*YOUR ASSIGNMENT*
All of the data should be copied exactly, with the pictures left out.

*RECORDS TO USE*
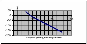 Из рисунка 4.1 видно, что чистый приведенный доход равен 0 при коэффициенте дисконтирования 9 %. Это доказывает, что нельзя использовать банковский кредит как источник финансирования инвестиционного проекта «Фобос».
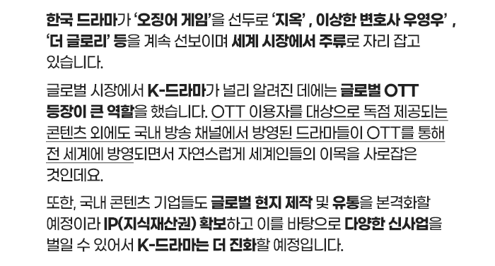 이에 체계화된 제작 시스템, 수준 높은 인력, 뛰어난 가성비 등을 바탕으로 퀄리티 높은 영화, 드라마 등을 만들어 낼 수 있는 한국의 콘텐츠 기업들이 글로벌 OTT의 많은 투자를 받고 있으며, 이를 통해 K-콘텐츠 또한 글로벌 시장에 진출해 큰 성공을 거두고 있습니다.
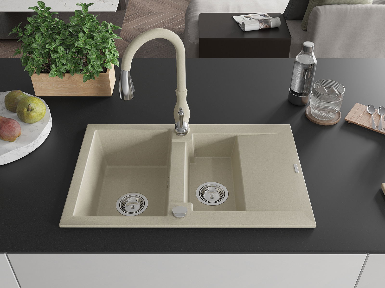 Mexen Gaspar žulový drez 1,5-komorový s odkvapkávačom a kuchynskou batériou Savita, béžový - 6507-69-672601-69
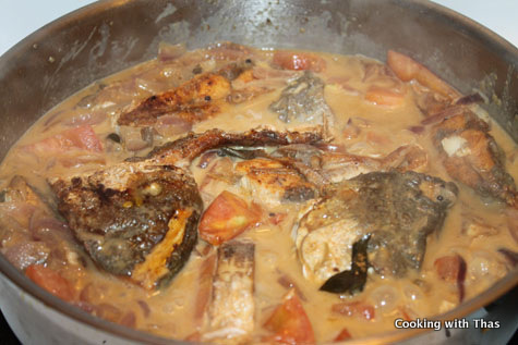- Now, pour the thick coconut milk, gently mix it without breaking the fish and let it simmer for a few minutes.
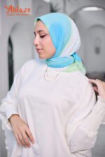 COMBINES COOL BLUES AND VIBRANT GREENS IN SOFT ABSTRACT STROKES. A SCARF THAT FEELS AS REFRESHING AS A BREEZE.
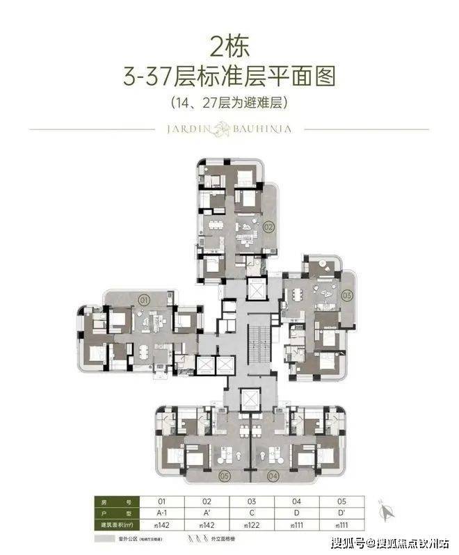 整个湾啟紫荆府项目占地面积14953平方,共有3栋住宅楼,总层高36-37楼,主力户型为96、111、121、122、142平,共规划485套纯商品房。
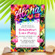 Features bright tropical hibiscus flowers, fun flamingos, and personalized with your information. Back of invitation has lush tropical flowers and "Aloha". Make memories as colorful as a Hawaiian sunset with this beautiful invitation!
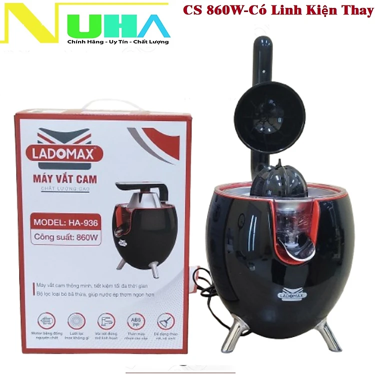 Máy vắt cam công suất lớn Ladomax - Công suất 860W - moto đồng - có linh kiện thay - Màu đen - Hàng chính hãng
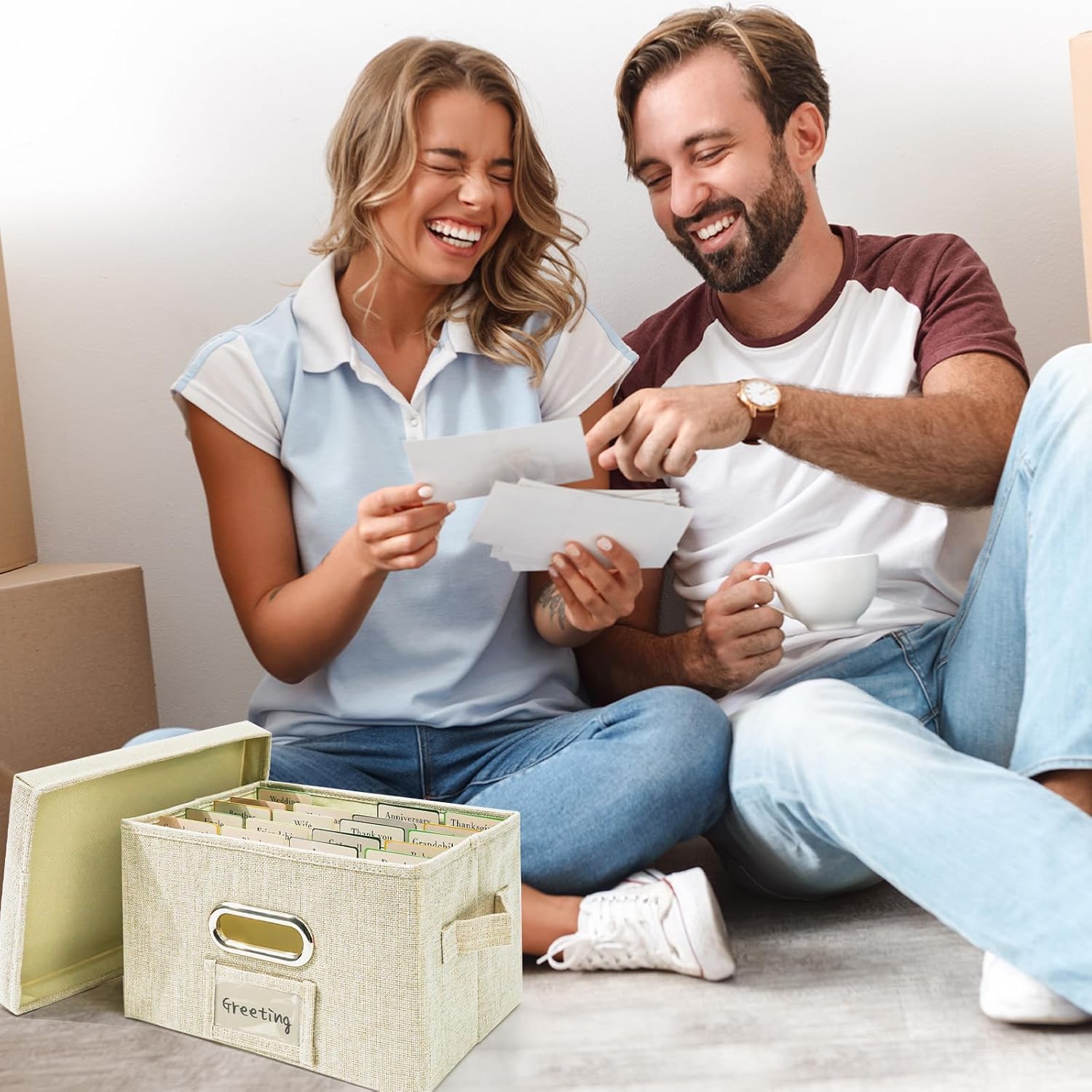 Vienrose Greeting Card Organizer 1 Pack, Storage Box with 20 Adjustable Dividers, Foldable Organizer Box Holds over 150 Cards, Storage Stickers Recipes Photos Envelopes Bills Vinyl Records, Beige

*COMPLETED TASK*
 Из рисунка 4.1 видно, что чистый приведенный доход равен 0 при коэффициенте дисконтирования 9 %. Это доказывает, что нельзя использовать банковский кредит как источник финансирования инвестиционного проекта «Фобос».
 이에 체계화된 제작 시스템, 수준 높은 인력, 뛰어난 가성비 등을 바탕으로 퀄리티 높은 영화, 드라마 등을 만들어 낼 수 있는 한국의 콘텐츠 기업들이 글로벌 OTT의 많은 투자를 받고 있으며, 이를 통해 K-콘텐츠 또한 글로벌 시장에 진출해 큰 성공을 거두고 있습니다.
 Mexen Gaspar žulový drez 1,5-komorový s odkvapkávačom a kuchynskou batériou Savita, béžový - 6507-69-672601-69
- Now, pour the thick coconut milk, gently mix it without breaking the fish and let it simmer for a few minutes.
 COMBINES COOL BLUES AND VIBRANT GREENS IN SOFT ABSTRACT STROKES. A SCARF THAT FEELS AS REFRESHING AS A BREEZE.
 整个湾啟紫荆府项目占地面积14953平方,共有3栋住宅楼,总层高36-37楼,主力户型为96、111、121、122、142平,共规划485套纯商品房。
 Features bright tropical hibiscus flowers, fun flamingos, and personalized with your information. Back of invitation has lush tropical flowers and "Aloha". Make memories as colorful as a Hawaiian sunset with this beautiful invitation!
 Máy vắt cam công suất lớn Ladomax - Công suất 860W - moto đồng - có linh kiện thay - Màu đen - Hàng chính hãng
 Vienrose Greeting Card Organizer 1 Pack, Storage Box with 20 Adjustable Dividers, Foldable Organizer Box Holds over 150 Cards, Storage Stickers Recipes Photos Envelopes Bills Vinyl Records, Beige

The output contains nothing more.